Chichester District Council has approved the demolition of a Edwardian building despite objections from The Victorian Society.
An application to demolish Apuldram House, in Dell Quay Road, was given the nod by members of the planning committee on Wednesday (December 6).
The six-bedroom property and a former stable block which is now used as a garage, will be replaced with a six-bedroom brick and flint home and another garage.
Apuldram House sits in the Dell Quay Conservation Area.
It was built by architect Temple Moore between 1900 and 1902 and is considered to be a non-designated heritage asset.
This essentially means that it is recognised as having a degree of significance but does not meet the criteria to have the planning protection placed on heritage assets.
In a strong objection to the council, a spokesman for The Victorian Society described Temple Moore as ‘an important architect of the late Gothic Revival’ and the house itself as ‘a significant historic building’.
They added: “In light of the building’s clear historic and architectural interest, we would strongly urge the council to serve a Building Preservation Notice on its owner.
“This would safeguard the building from any alteration until such time as Historic England is able to consider whether it merits inclusion on the national list.”
But the house had few champions at the meeting.
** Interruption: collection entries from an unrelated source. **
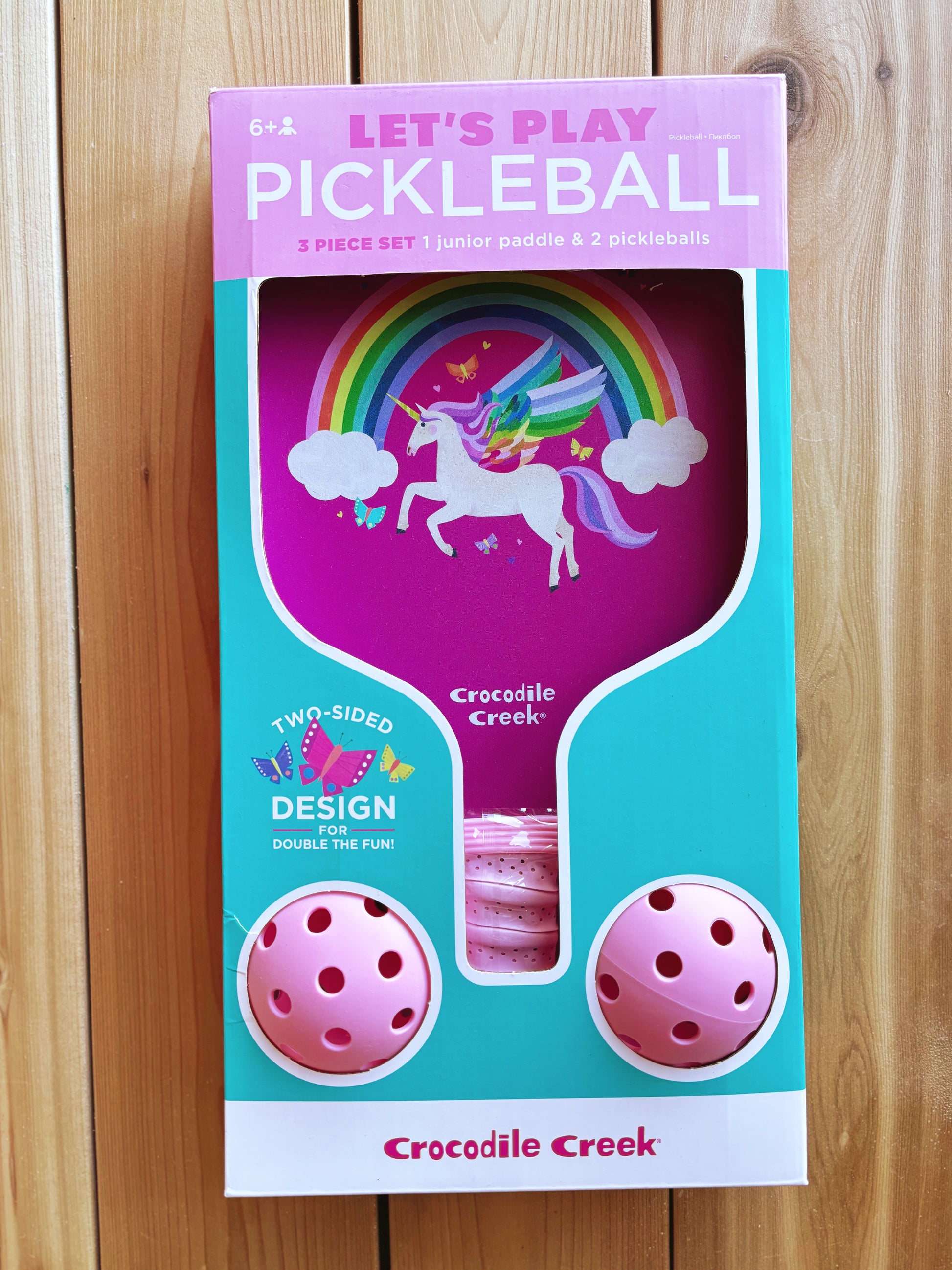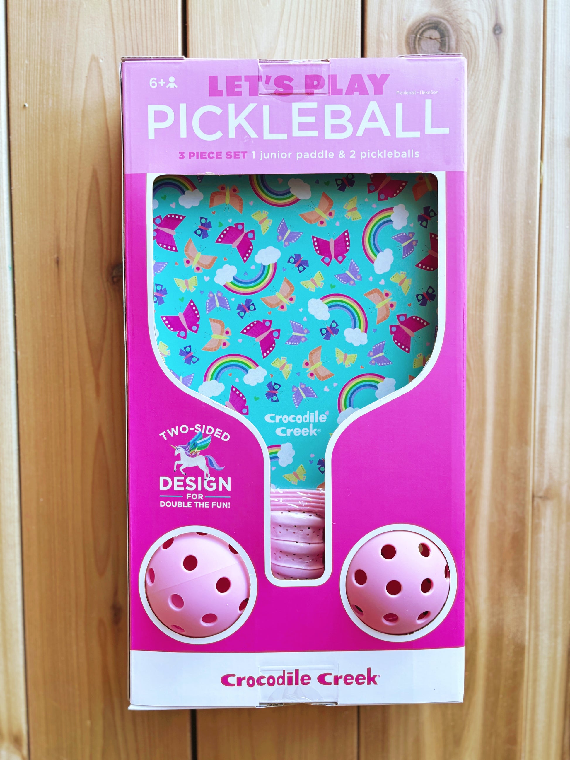 The perfect Pickleball set for littles! Features adorable unicorn with butterflies and different pattern on each side.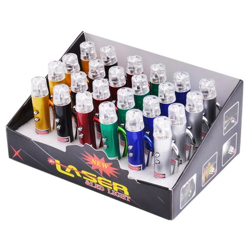 Фонарь брелок 9619-2LED, лазер, 3хAG13, карабин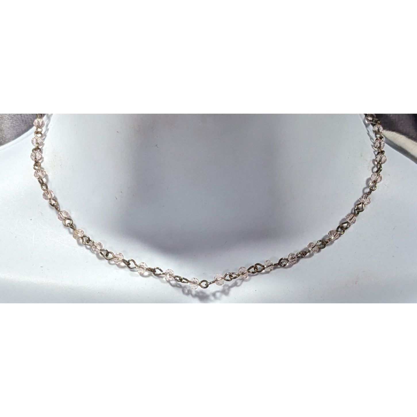 This elegant minimalist necklace features pink glass beads strung on a delicate chain, perfect for adding a touch of color to any outfit. Ideal for casual or formal wear, making it a versatile accessory.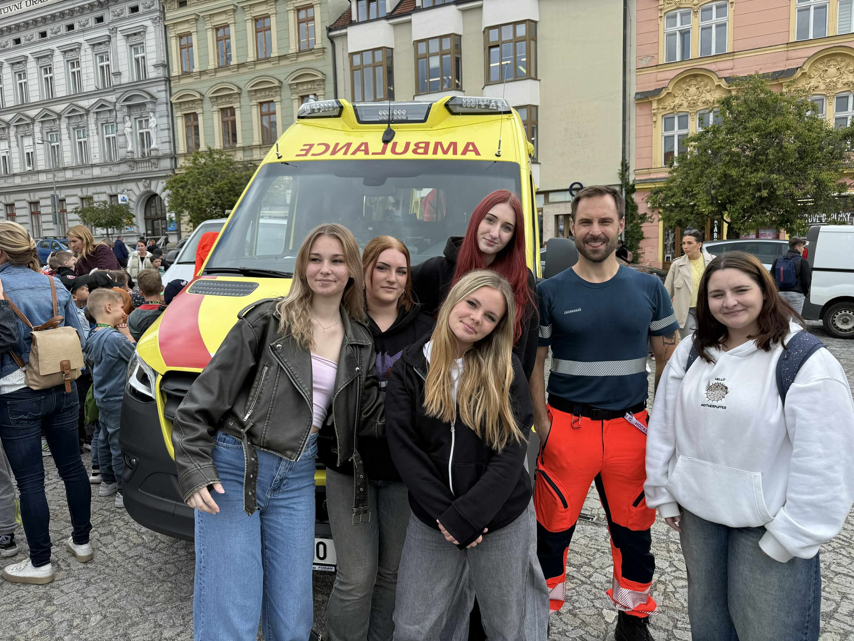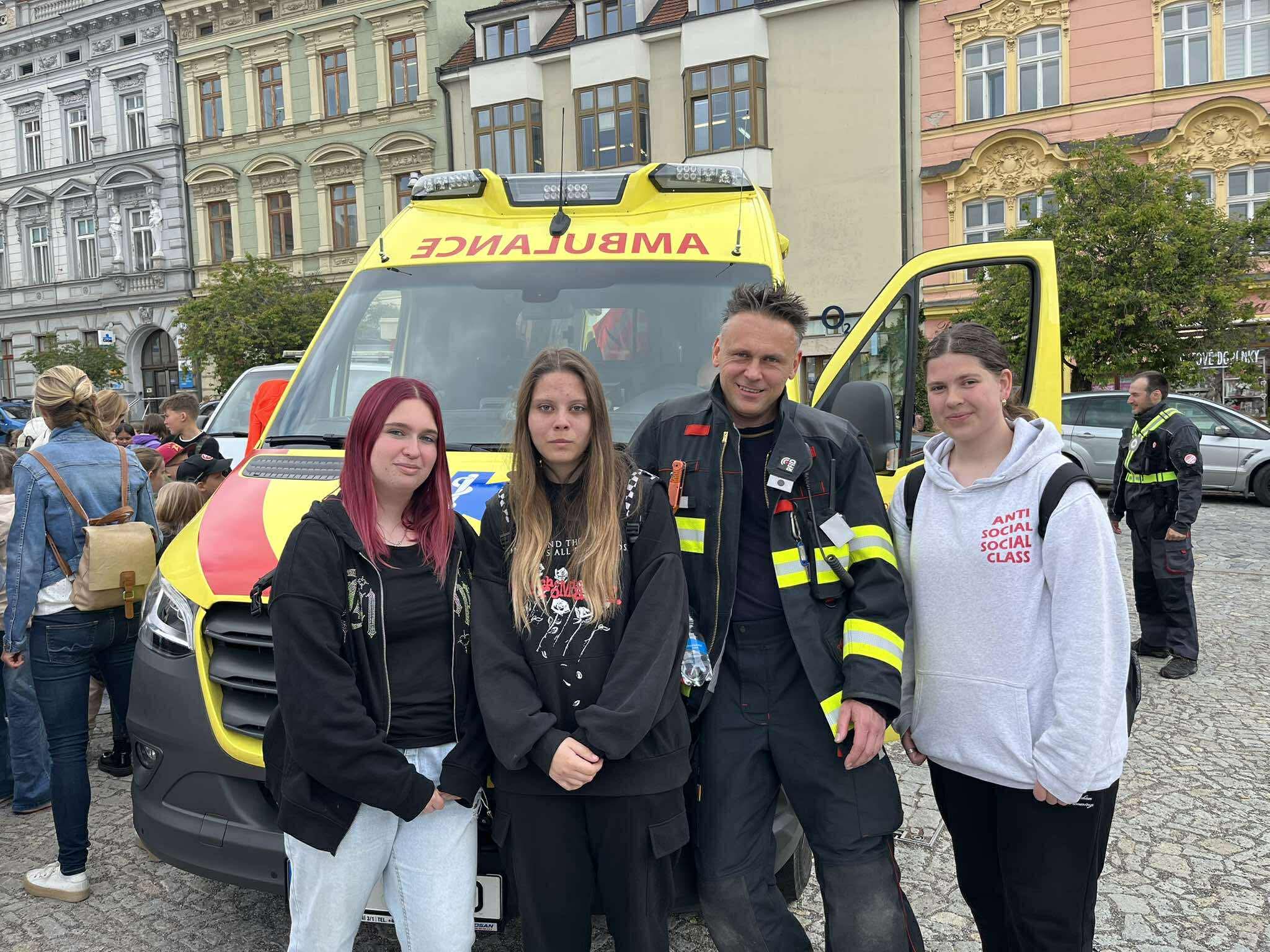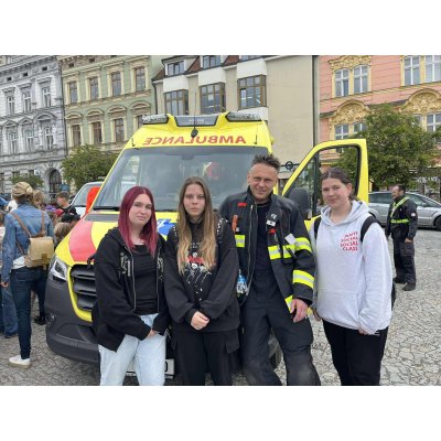 Naši žáci si mohli zblízka prohlédnout sanitní a hasičský vůz, techniku Policie ČR a také si vyzkoušeli poskytování první pomoci na připravených stanovištích.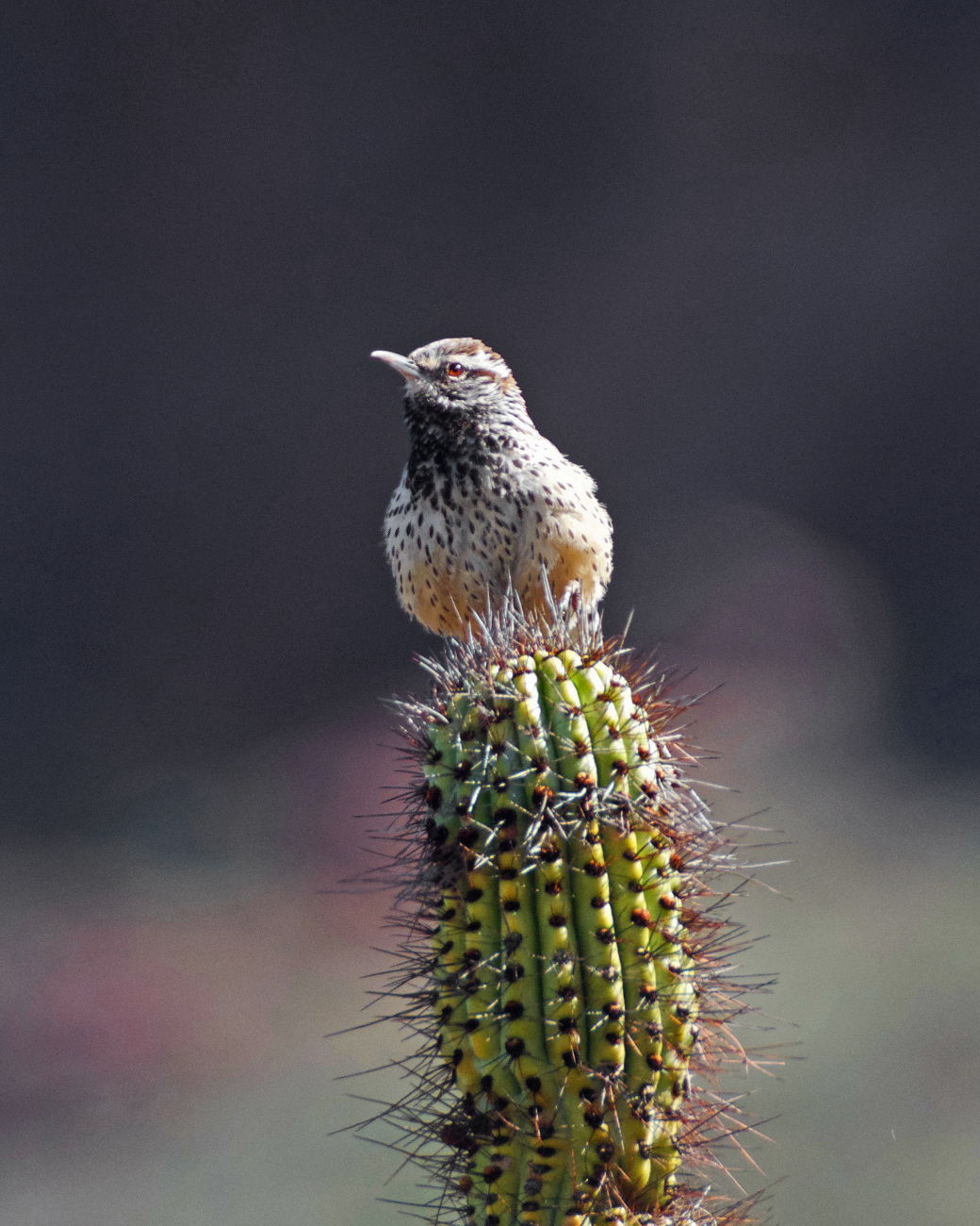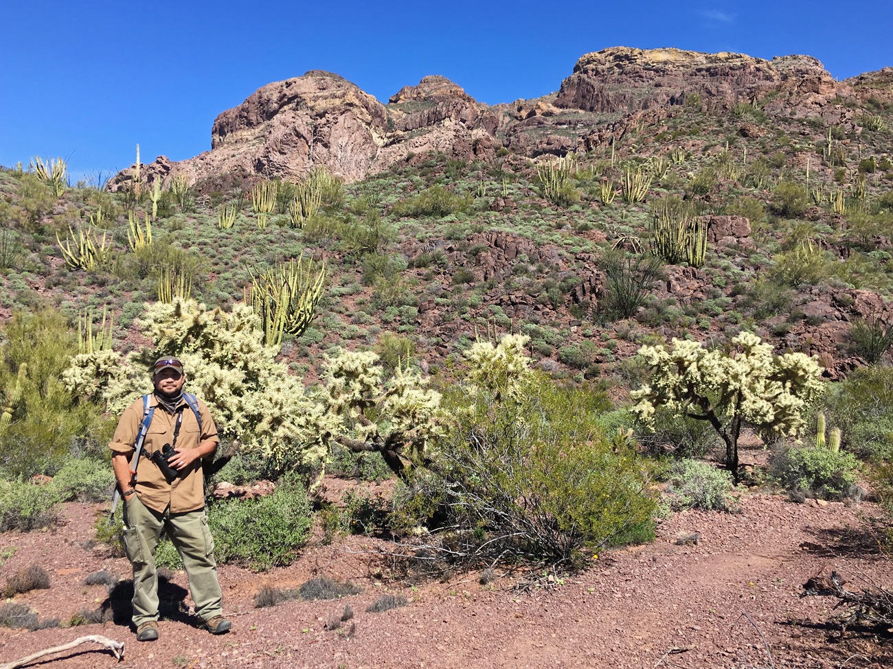 After lunch, we descended into Estes Canyon to complete the loop. Estes Canyon was densely vegetated with bright green palo verde, saguaro and organ pipe cactus, mesquite, and tree-sized, fruiting “jumping cholla” cacti. There was a lot more wildlife activity in the canyon. We saw black-tailed gnatcatchers, curve-billed thrashers, Gila woodpeckers, phainopeplas, and a desert cottontail. The views of the canyon walls beyond the dense desert vegetation were spectacular. We walked back out to Ajo Mountain Drive along the canyon floor, completing the four-mile hike with a total of 1,103 feet of elevation gain.

Officers recommended that the application to demolish it and the garage be permitted, stating: “The significance, character and appearance of the house and former stable block as a grouping has been harmed by unfortunate and inappropriate alterations, some of which are not readily reversible.
“These, along with its assertive appearance in the Area of Outstanding Natural Beauty, and within views from the Fishbourne Channel are considered to be detrimental to the character of the conservation area and
have reduced the quality of the building in terms of its visual contribution as an non-designated heritage asset.”
A statement from leader Adrian Moss said the design of the new house would be ‘much more in keeping with the harbour and would be less intrusive in the landscape’.
Pointing to the applicant’s desire to reduce the carbon footprint on their land, he added: “On balance, the cost of decarbonising this house would not be viable and a new development that will considerably reduce the visibility of the property and enable a highly environmental design with a reduced carbon footprint property to be developed is important.”